Regnerus conducted eminently defensible scientific research, making decisions about research design and analysis “within the ball park of what other credible and distinguished researchers have been doing within the past decade. We should conclude that where accusations of an ideological axe to grind are concerned, they should not be directed at Regnerus, but at his critics in the academy and his self-appointed inquisitors in the blogosphere… “
Mark Regnerus’s response to his critics shows more clearly that instability is characteristic of same-sex relationships and that stable same-sex parented households are virtually non-existent. Second of a two-part series.
Yesterday on Public Discourse, I described the controversy that followed the publication of the New Family Structures Study (NFSS), led by University of Texas sociologist Mark Regnerus. During a summer of unusual abuse, Regnerus remained largely silent but with his head unbowed.
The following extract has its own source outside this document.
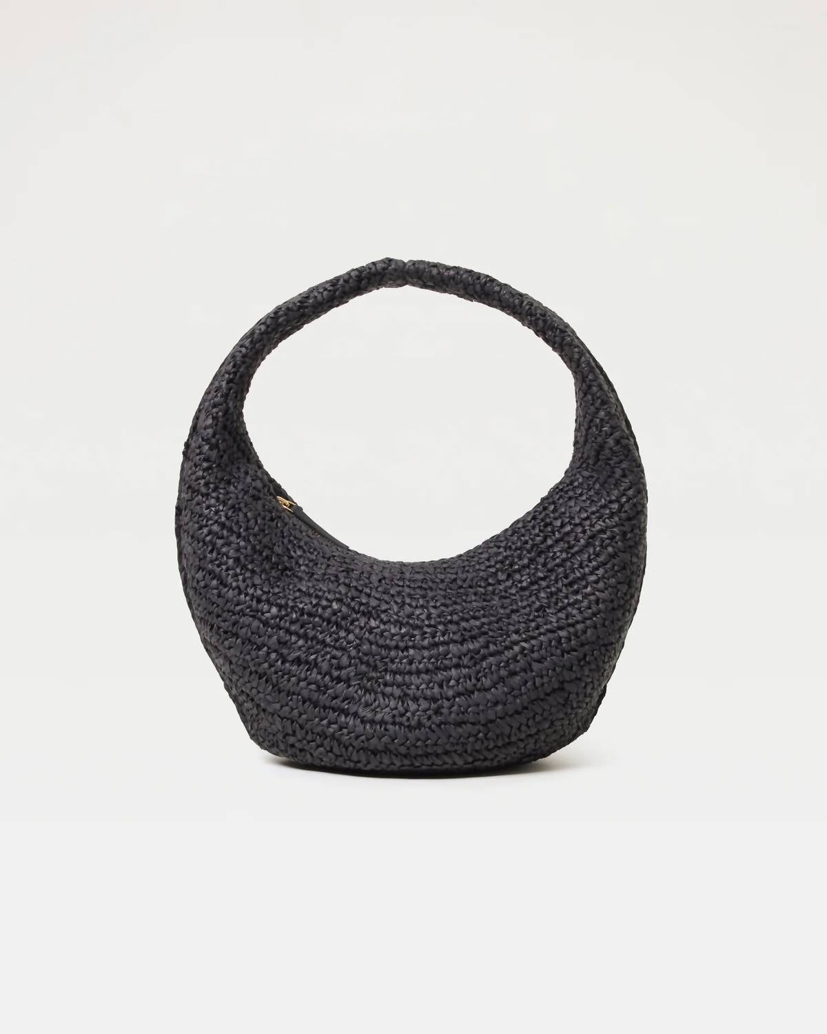 Small in size but a total statement maker. The Women's Aya Bag by L*SPACE in Stripe is a chic mini bag with a unique slouchy, moon-shaped silhouette. Crafted from woven paper raffia, this fully-lined circle bag is both eco-friendly and stylish. It features a secure zipper closure to keep your essentials safe. With dimensions of 14.17" width, 7" height, and 3.15" depth, it is designed for compact convenience.

As autumn arrived, he found himself vindicated as an honest scientist by his university, with continued support from the journal editor who published his research.
In the November 2012 issue of Social Science Research, Regnerus has published a new article: “Parental same-sex relationships, family instability, and subsequent life outcomes for adult children: Answering critics of the new family structures study with additional analyses.” He accepts “arguably the most reasonable criticism” of his original work, the use of the abbreviations “LM” (for lesbian mother) and “GF” (for gay father) to characterize the family situations experienced by his young adult subjects when they were children.
Since the adjectives “lesbian” and “gay” could lead readers to infer something about these parents’ self-identified “orientation” (though in his original article Regnerus clearly dispelled this misapprehension), he now exchanges “LM” for “MLR” (mother who had a lesbian relationship) and “GF” for “FGR” (father who had a gay relationship), so that the adjectives “lesbian” and “gay” now describe the relationships, not the persons. Regnerus also pauses to note the extreme unlikelihood that his categories swept in any “one-night stand” relationships, since the NFSS interviews asked young adults about romantic relationships they would have observed as children.
Regnerus addresses at much greater length the more serious charge that he compared apples to oranges by placing a sample of “MLR” and “FGR” families with high incidence of instability next to his “IBF” cases of intact biological families (married heterosexual couples that stay together and raise their own offspring to maturity). His critics insisted that he should compare intact, long-term stable gay and lesbian couples with his “gold standard” IBF households.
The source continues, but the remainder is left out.